W3C

- DRAFT -

Direction Metadata in RDF Literals

05 Jun 2019

Agenda

Attendees

Present
addison, chaals, ivan, r12a, manu, pchampin
Regrets
Chair
Addison Phillips
Scribe
addison, chaals

Contents


<agendabot> clear agenda

<addison> Scribe: addison

https://chime.aws/5323695336

Minutes and Agenda (5 minutes)

ivan: did update the document

<ivan> https://w3c.github.io/rdf-dir-literal/

ivan: has now all the options we discussed and more

Requirements for direction information at all (15 minutes)

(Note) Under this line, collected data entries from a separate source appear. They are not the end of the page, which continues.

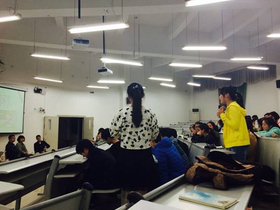 其次,座谈进入提问环节,同学们积极地向三位嘉宾提出关于专业发展、专业学习、考证及就业等方面的各类问题,其中很精彩的有关于做横着的“一”和做竖着的“1”,嘉宾们都给与了精彩的回答:“对于贸易经济专业同学们就需要在横着的“一”上再去变成竖着的“1”,横着的“一”是扎实的理论基础,而竖着的“1”是特定专业技能的学习。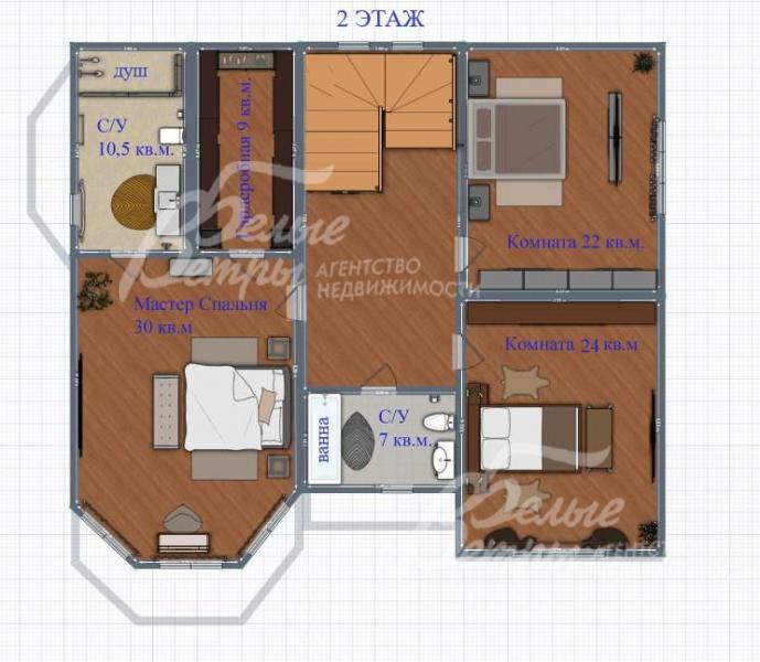 2-ой этаж: холл 8 кв.м, мастер-спальня 30 кв.м с гардеробной 9 кв.м и ванной комнатой 11 кв.м, спальня 22 кв.м, спальня 24 кв.м, санузел 7 кв.м.
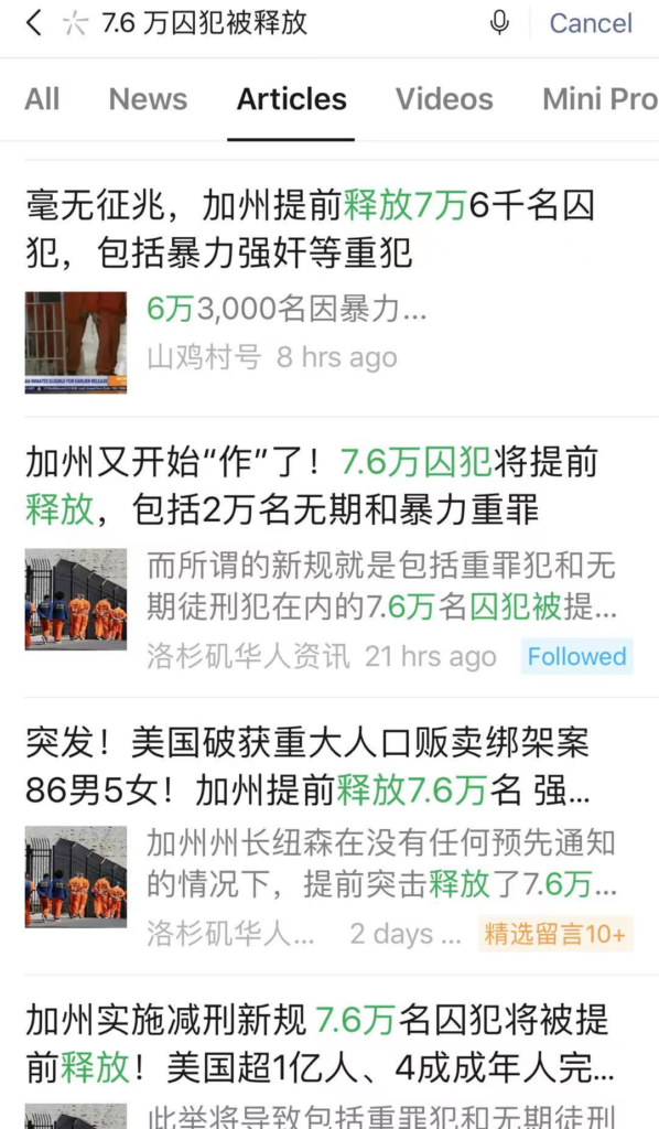标题党文章说“加州欲突击释放7.6万名罪犯”,轻则说是误导,重则说就是一条不怀好意的虚假消息。俗话说,事出反常必有妖,看到一些操弄情绪,吸引眼球,骇人听闻,例如“疯了”,“突发”,“紧急”之类的题目,还是多长点心眼,自己去核查一下比较好。也可以参考前文《自媒体时代如何识别假新闻》,来掌握识别假新闻的必要手段。

<r12a> manu, you may need to look also at this: https://github.com/w3c/rdf-dir-literal/wiki/Draft-ideas-related-to-string-metadata-storage-options

<r12a> and this, manu: https://github.com/w3c/rdf-dir-literal/issues/7#issuecomment-498268872

<chaals> scribe: chaals

Manu: Why do we need this? Can't we get it from language information?

Addison: There is low-quality data all over the place, sometimes tagged properly, sometimes not.
... There are parallels to what we have internally all over the Web. there are places where I might have direction information, where language information is at best a guess.
... I am currently relying on low-quality heuristics, but when I have accurate data, I don't want them to apply.

<addison> chaals: so there are a bunch of use cases

<addison> ... not a standard requirement for all content

<addison> ... e.g. comments on youtube

<addison> ... think about how json handles strings

<addison> ... json doesn't break strings down well

<addison> ... and devs don't like doing that

<addison> ... plain strings that don't do that

<addison> zakim ivan

<addison> ivan: went through use cases you (addison) posted

ivan: read through the use cases and wiki page. I conclude that we won't have a solution that makes everyone equally happy.

<addison> ... won't have estimation that makes everyone happy

<addison> ... going back to completely ignoring?

<addison> ... at point where we cannot produce an optimal solution

<addison> ... have to make suboptimal

<addison> ... which one is a good middle way

<addison> ... and what is reasonable

<addison> ... the data that we have like for verifiable claims

<addison> ... comes from various databases

<addison> ... or human authoring

<addison> ... data is at beginning of process

<addison> ... not like we have base direction already and don't want to lose

<addison> ... for overwhelming use cases for RDF this issue doesn't arise

<addison> r12a: which issues?

<addison> ivan: "I extract data from form"

<addison> ... that's really a problem, but what's the percentage of rdf data that comes this way

Addison: We see a lot of data produced in this way… content coming from multiple places.

<addison> addison: is that true? not mostly dead datasources?

<Zakim> manu, you wanted to note that the direction feels clear to him, then.

<addison> manu: feel that we can knock some items off

<addison> ... -d and -x not a good option, not right

<addison> ... thing that convinced me was addison saying lang info is accurate and sometimes dir is

<addison> ... ensure that we solve long term

<addison> ... provide tooling for right i18n decisions

<addison> ... atomizing info so not co-mingled in a later-damaging way

<addison> manu: way done before was to separate

<addison> ... defer to the folks in i18n

<addison> ... don't fix with LocalizableString

<addison> ... fix LangString

<addison> ... fix implementations first, okay if takes years

<addison> ... fix json/json-ld/etc.

<addison> ... express direction separate from language and uniform

<addison> ... so that would mean in json-ld, e.g. verifiable credentials

<addison> ... use value/language/direction, 3 things you put together

<addison> ... put together in the same way

<addison> ... benefit further to align with HTML, using 'lang' and 'dir'

<addison> ... aliasing might be done in json-ld

<addison> ... simple use cases yes, more complete use cases need markup

<addison> ... workable, years to update rdf

<addison> ... but do impl in short time

[I think Manu is jumping the agenda, but I agree, with a proposal for some more intermediate guidance…]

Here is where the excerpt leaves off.